Perhaps the Strangers are the Twelve, who are referred to in the opening line of this paragraph: sullivans. The Twelve are often designated by this name (Glasheen 274). The Irish form of the name, Súilleabháin sounds like Súil Amháin, One Eye. The Twelve’s siglum—a circle representing the dial of a watch—looks like a single eye. They are also described at one point as a band of mercenaries (RFW 446.09-10). Joyce based them on the Sullivan Gang (known to their admirers as the Bantry Band), a group of Catholic Irish politicians from Bantry, Cork, who destroyed Charles Stewart Parnell’s reputation (Peter Chrisp). Joseph Campbell & Henry Morton Robinson agree with this interpretation, though Joyce hardly regarded the Twelve as good citizens:

With cries and groans and abyssal sighs, the twelve good citizens have re-enacted over him the traditional feast of primordial Finnegan’s wake. (Campbell & Robinson 70)

Alternatively, ALP’s elderly maid-of-all-work Kathe is identified with the historical figure of Kate Strong (eg 063.30). If she is the strongers, then HCE’s elderly manservant Sackerson would be softsies. This doesn’t seem too likely, but the concatenation of several s’s, as in softsies seufsighed, is characteristic of the Wake’s resident serpent.

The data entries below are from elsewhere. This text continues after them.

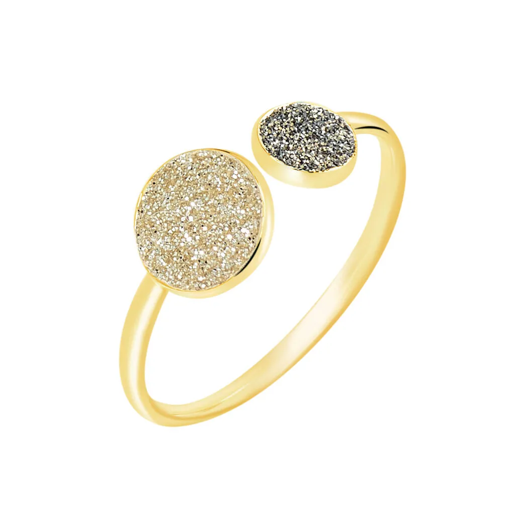 Bague Or Jaune 375/1000 Double Pastilles Dore Et Bronze
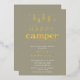 Voici notre délicieuse invitation de baby shower en feuille d'or "Happy Camper", parfaite pour célébrer l'arrivée de votre petit. Cette charmante invitation présente un thème de camping fantaisiste, avec des illustrations d'arbres, de lune et d'étoiles. Que vous planifiez un baby shower sur le thème de l'extérieur ou que vous aimiez simplement l'esthétique du camping, notre invitation "Happy Camper" est sûr d'impressionner vos invités et de préparer le terrain pour une célébration délicieuse.
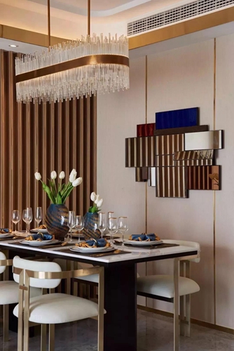 熠熠生輝的金色 可為平淡的空間增添幾分溫暖質感 在室內設計中 設計師往往利用黃銅的特殊材質和光澤 來提亮客餐廳的整體色調 使之變得更加活潑有趣、溫暖靈動
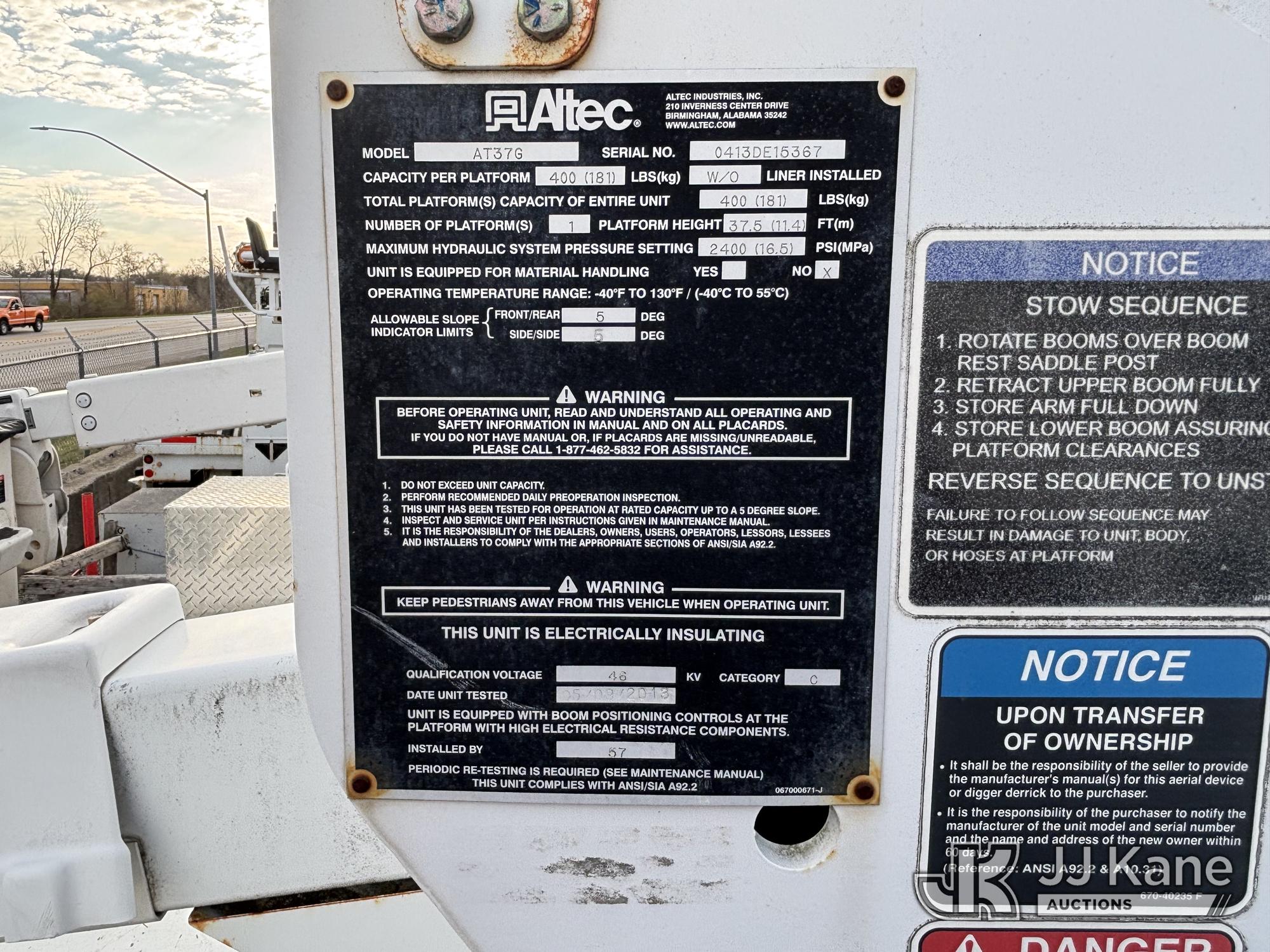Altec AT37G, 42 ft, Articulating & Telescopic Bucket Truck s/n 0413DE15367, with single-man bucket, mounted behind cab on 2013 Ford F550 2WD Service Truck, 6.7L diesel, Auto, A/C, (24,210 miles) (Not Running, Condition Unknown, Upper Condition Unknown, Must Tow, Buyer Must Load) This is a Titled Item*
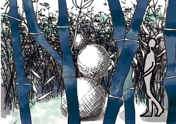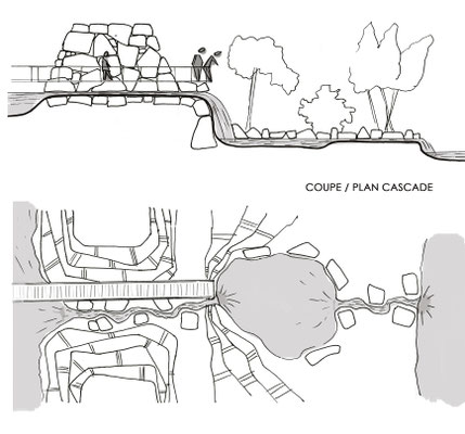 mouvement. C’est en modelant ces 2 forces que nous donnons forme au jardin. Une fois le système mis en place, les lignes, les contours, les pleins et les vides de l’espace se profilent.
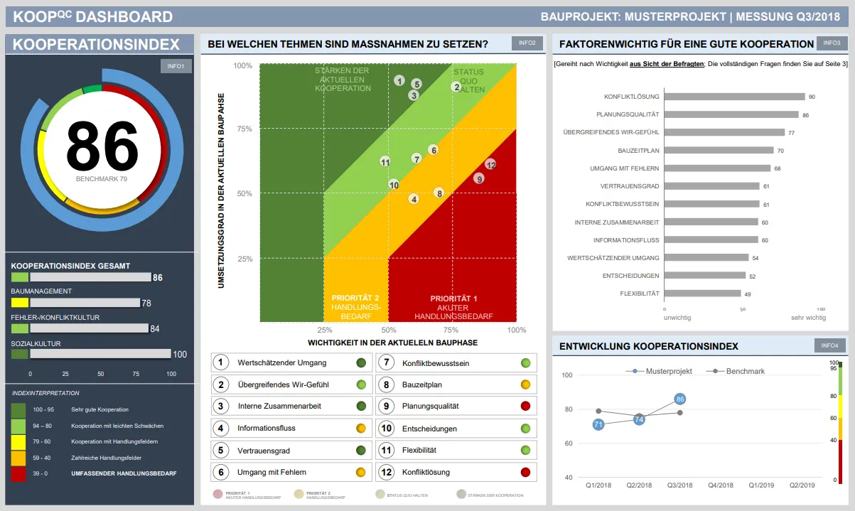 Mit dem Analysetool KOOPqc – KOOPQuickCheck kann einmal pro Quartal eine anonyme Befragung innerhalb des Projektteams durchgeführt werden, die Ergebnisse bekommt ausschließlich das Projektteam und kann damit selbst Maßnahmen zur Verbesserung setzen. Die Kosten werden üblicherweise zwischen Auftraggeber und AN Bau geteilt.
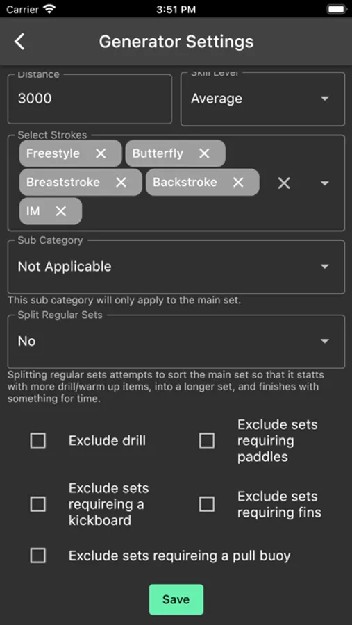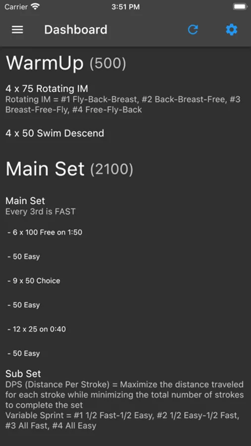 Create swim workouts at the press of a button. Setup to create a unique workout for you with options such as distance, stroke, and level of difficulty.
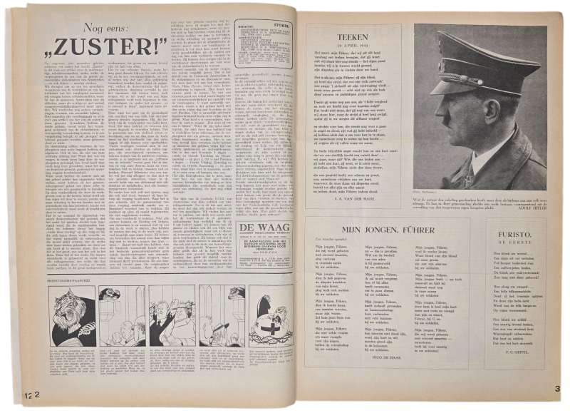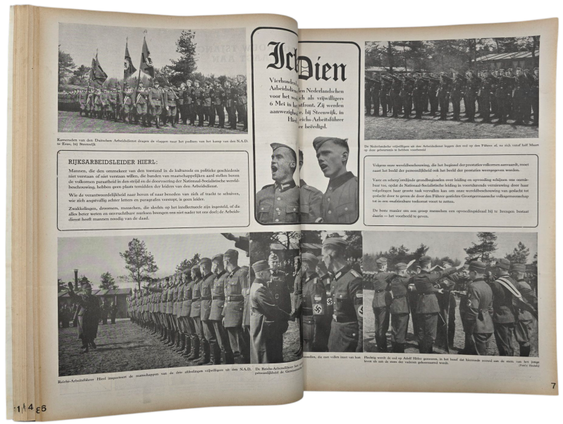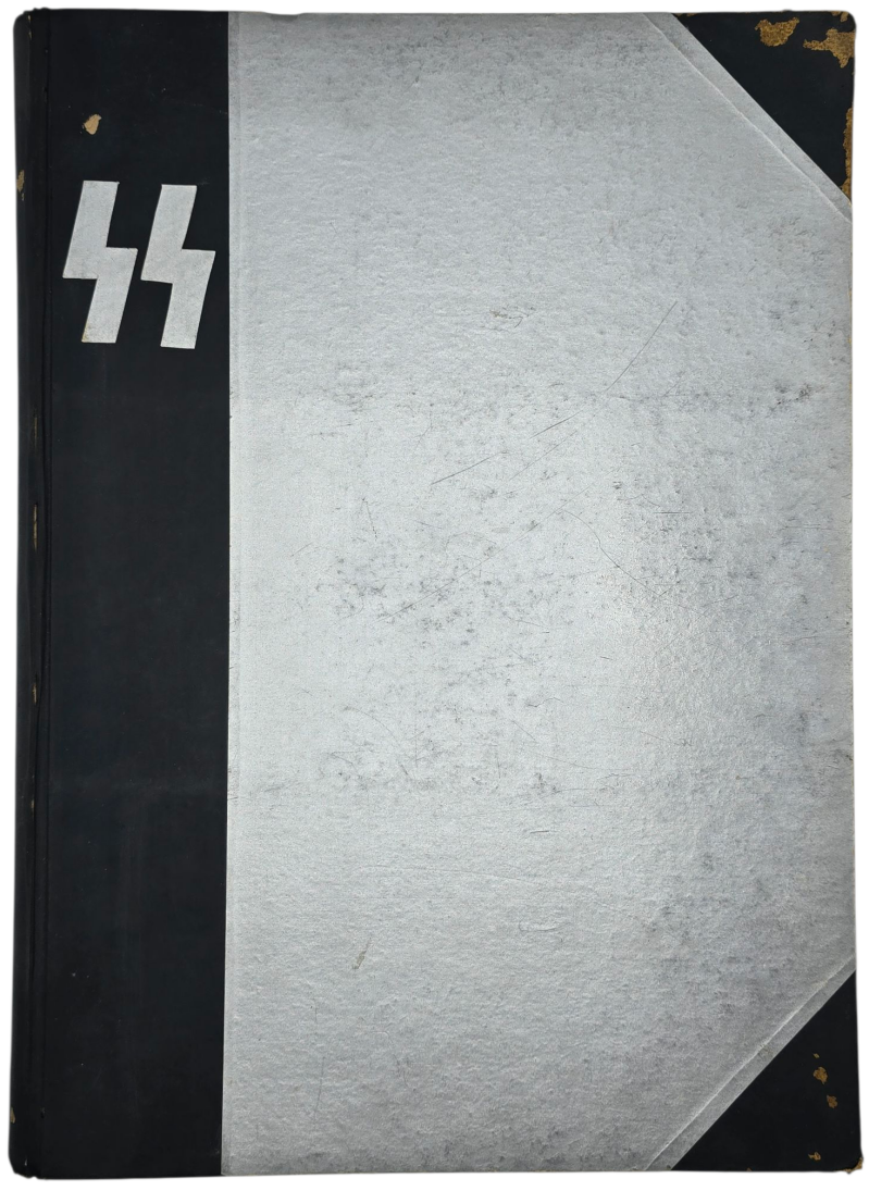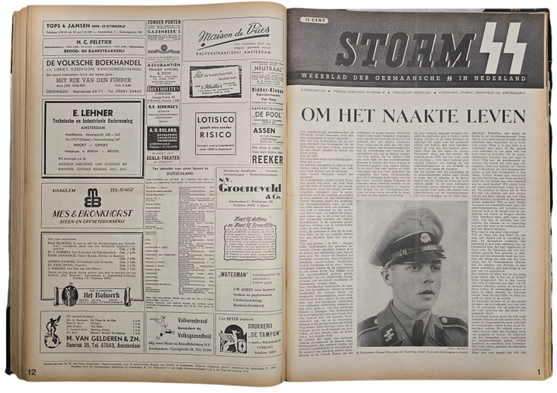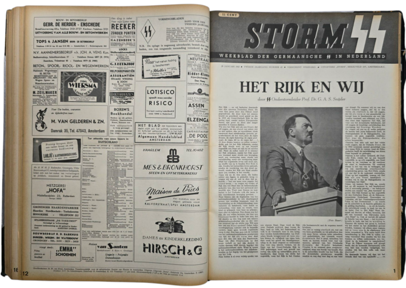 Interesting bound 2nd year of the Dutch Waffen SS newspaper ''Storm SS, Weekblad der Germaansche SS in Nederland''. This bound book consists of 52 newspaper editions, a full year. Includes a double number (38/39). Filled with many pictures, articles, and cartoons. With articles about Henk Feldmeijer, the Eastern Front, Gerardus Mooyman, the Dutch volunteer legion, and other front news. The book has been bound in linen and silver paper with SS runes on the cover. Some normal wear and tear that you see often with period-bound books.
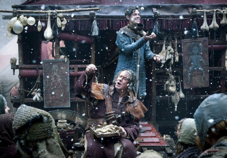 Der fahrende Bader (Stellan Skarsgård, li.) bietet marktschreierisch seine bescheidenen Heilkräfte an. Sein junger Schüler Rob Cole (Tom Payne) unterhält die potentielle Kundschaft in der Zwischenzeit mit kleinen Kunststückchen.
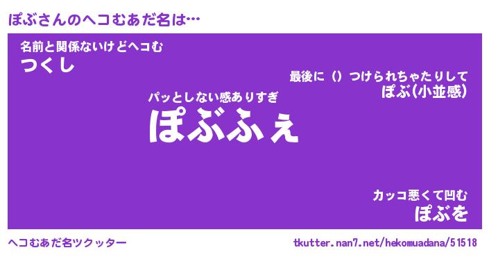| 2回繰り返すあだ名 | 『ぽぶぽぶ』『ぽぽぶぶ』『ぶんぶん』 |
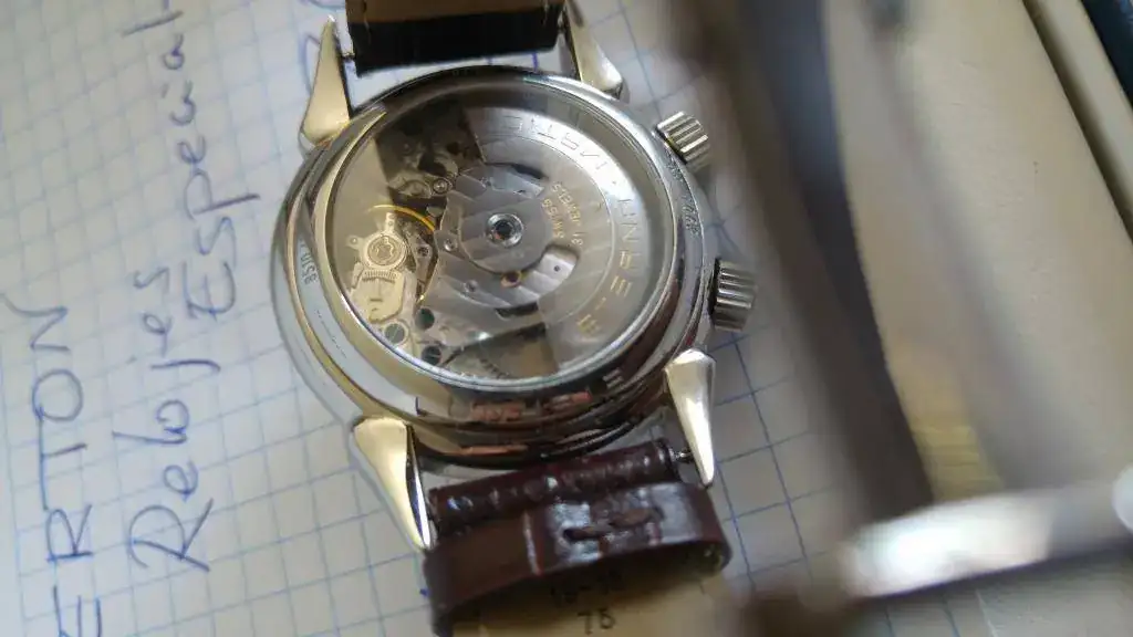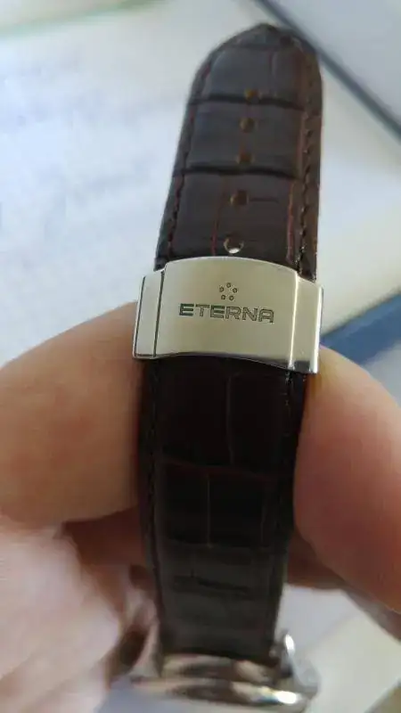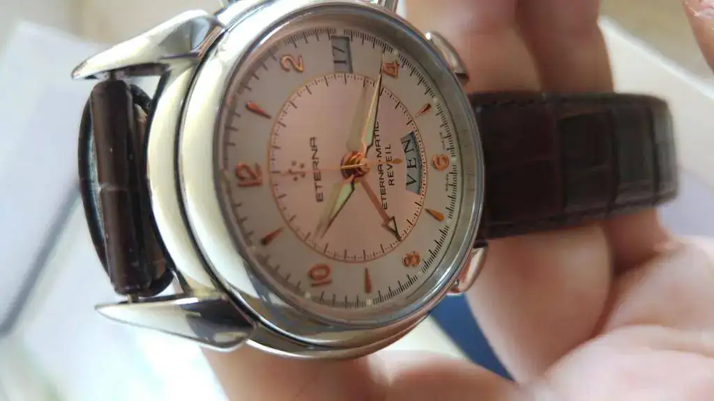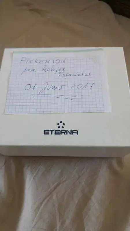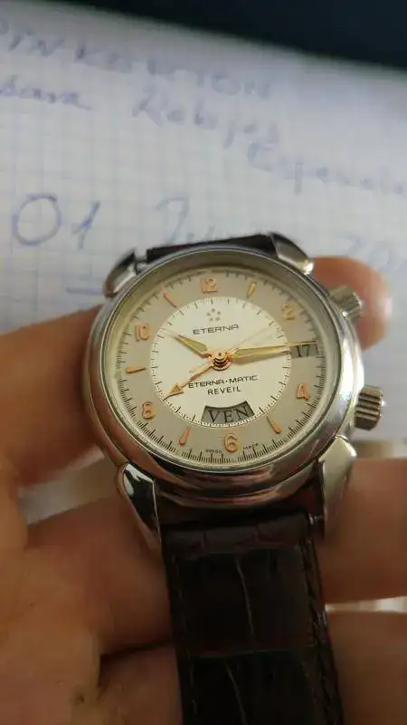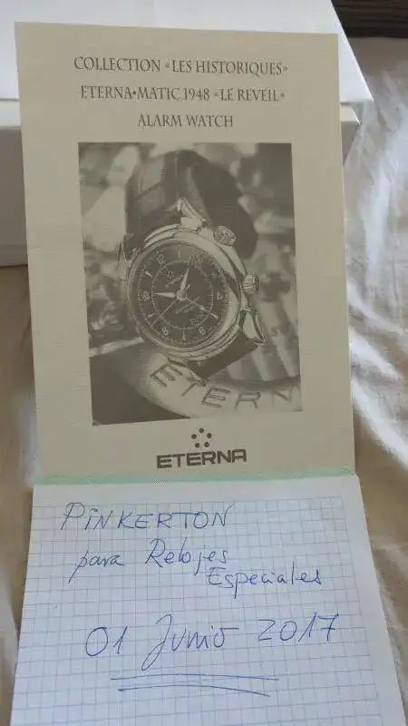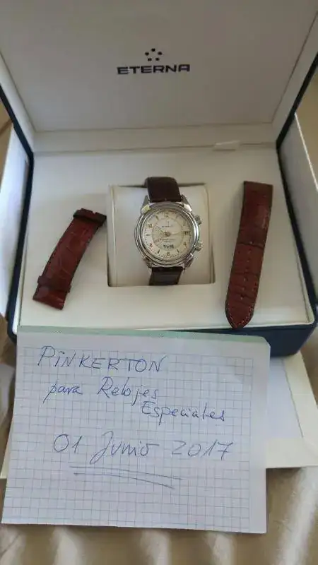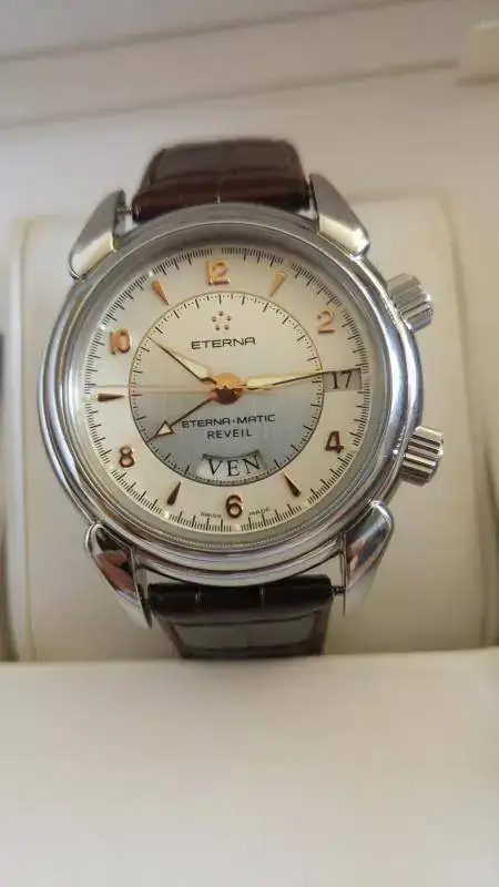 Vendo este maravillosa Eterna 1948 Reveil, me lo he puesto 6 o 7 veces en 2 años, está prácticamente nuevo aunque ya no tenga garantía vigente. La caja está impoluta, sin los típìcos "pelillos" en el acero y la marcha es perfecta, tiene 42 horas de marcha, volante Glucydur a 28800 alternancias, 31 rubís y movimiento Eterna calibre 680 el cual consta de 154 partes, con un diámetro de 30,40 mm y un grosor de 7,60 mm. Tornillos azules, sistema Incabloc y protección antimagnética (no especifica unidad alguna). 30 metros de resistencia al agua y la caja está construida con acero 316L. Cristal de zafiro con antirreflectante en ambas caras y cristal de zafiro en la parte trasera. Con el reloj regalo una correa Tissot de grano caimán, que es la que se ve en las fotos, también se puede ver la correa original de cocodrilo.

In Finnegans Wake the word soft is often associated with Issy. The literal translation of Wagner’s Mild und leise is softly and gently. In 1937 an episode drawn from Chapter II.2 (School Nessans) was published in book form under the title Storiella as She Is Syung. If softsies is Issy, does this mean the strongers are her brothers Shem and Shaun?

The characters in Finnegans Wake have a tendency to blend into one another, so perhaps all these interpretations are valid.

Thomas De Quincey

Loose Ends

To conclude, let us tie up some loose ends.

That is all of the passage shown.